Monday, March 27, 2006

Sometimes, the stereotypes are true

So, under the guise of “doing fieldwork,” I’m going back to Seattle in May to visit the dentist.

Okay, so I actually am doing fieldwork, too, for which I need about a thousand vaccinations (more on that later), but the significant bonus is that I get to visit a dentist.

I’m really not kidding.

If there’s one stereotype that’s true here (and there may be many), it’s the poor condition of anything pertaining to dentistry. You see, the health care system here doesn’t require that dentists practice under the NHS (National Health System). Instead, dentists can choose to be NHS dentists, or they can go into private practice. You have one guess as to which pays lucratively, and which offers the reward of feeling satisfied at the end of the day because you’ve fixed people’s teeth for little monetary compensation. But hey, you get to be an NHS dentist!

Consequently, because citizens have to pay out of pocket for private dentists unless they have expensive private healthcare plans, NHS dentists are in hot demand. As in, they are overbooked to the point where one friend recalls an episode where people lined up the night before a new practice opened, just to see if they could get on the clinic’s patient list before it filled. Most students here stay with their family dentists as long as they can, even if that means taking six-hour train rides to have their teeth cleaned. It is that hard to find a dentist here.

As you may imagine, this puts international students in an interesting spot. Most of us can’t hop on the next overnight flight home if we develop a toothache, yet every person I know was warned by our various colleges “not to waste our time” trying to sign up with an NHS dentist (we’re all covered by NHS here), because it would take months to be seen by one. One of my husband’s friends at Oxford didn’t really believe this and decided to make an appointment. In husband’s presence, he dialed the local dentist’s number. The conversation apparently went something like this:

“Hi, I’d like to make an appointment for a cleaning…No, I’m an international student…uh-huh…uh-huh…really?...oh…Are you sure it would take that long?...Is there anyone else I can call? Really? No? Um…”

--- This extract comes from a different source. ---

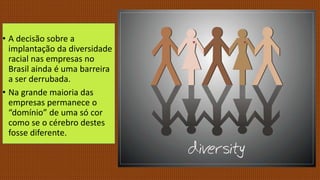O documento discute os benefícios da gestão da diversidade racial nas empresas brasileiras. Ele argumenta que a diversidade é um diferencial competitivo importante devido à concorrência no mercado e pode resultar em maior inovação e compreensão do mercado consumidor. No entanto, é necessário que as empresas criem um ambiente de respeito mútuo para que as diferenças sejam compreendidas e haja harmonia entre os funcionários.

The friend wound up flying to Poland to have his check-up, something that I thought seemed a little extreme until I mentioned it to my British classmates, all of whom began exclaiming, “Oh yeah, yeah, that’s a great way to go! Poland has lovely dentists, and they’re so cheap!” Who knew about the booming Polish dentist industry?

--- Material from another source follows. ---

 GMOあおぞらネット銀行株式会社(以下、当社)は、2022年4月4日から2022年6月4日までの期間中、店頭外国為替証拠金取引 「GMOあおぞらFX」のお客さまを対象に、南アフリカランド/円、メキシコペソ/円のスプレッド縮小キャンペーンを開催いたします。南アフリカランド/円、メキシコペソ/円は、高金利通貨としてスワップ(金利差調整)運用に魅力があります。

Meanwhile, one of my friends, who’s plagued by bad teeth, cracked a molar last month and knew she probably needed a root canal. She called her dentist at home and received an over-the-phone diagnosis (they know her well). She then called the local dentist here and explained the emergency. They listened calmly and then replied that they could definitely work her into the schedule. Of course, she’d need to come in for a consultation first…would sometime around the end of April work? Then, she could come in for the root canal in early summer?

By this point, my friend is in agony, and the prospect of waiting two months to be told that she’s in agony doesn’t appeal. So, what’s a girl to do? At first she, too, thought about applying to a geography conference in the United States so she could swing by her hometown and have her tooth fixed, but instead she opted for two flights to Ireland for the procedures. She’s now spent two weekends in Ireland to have a small country dentist fix her tooth.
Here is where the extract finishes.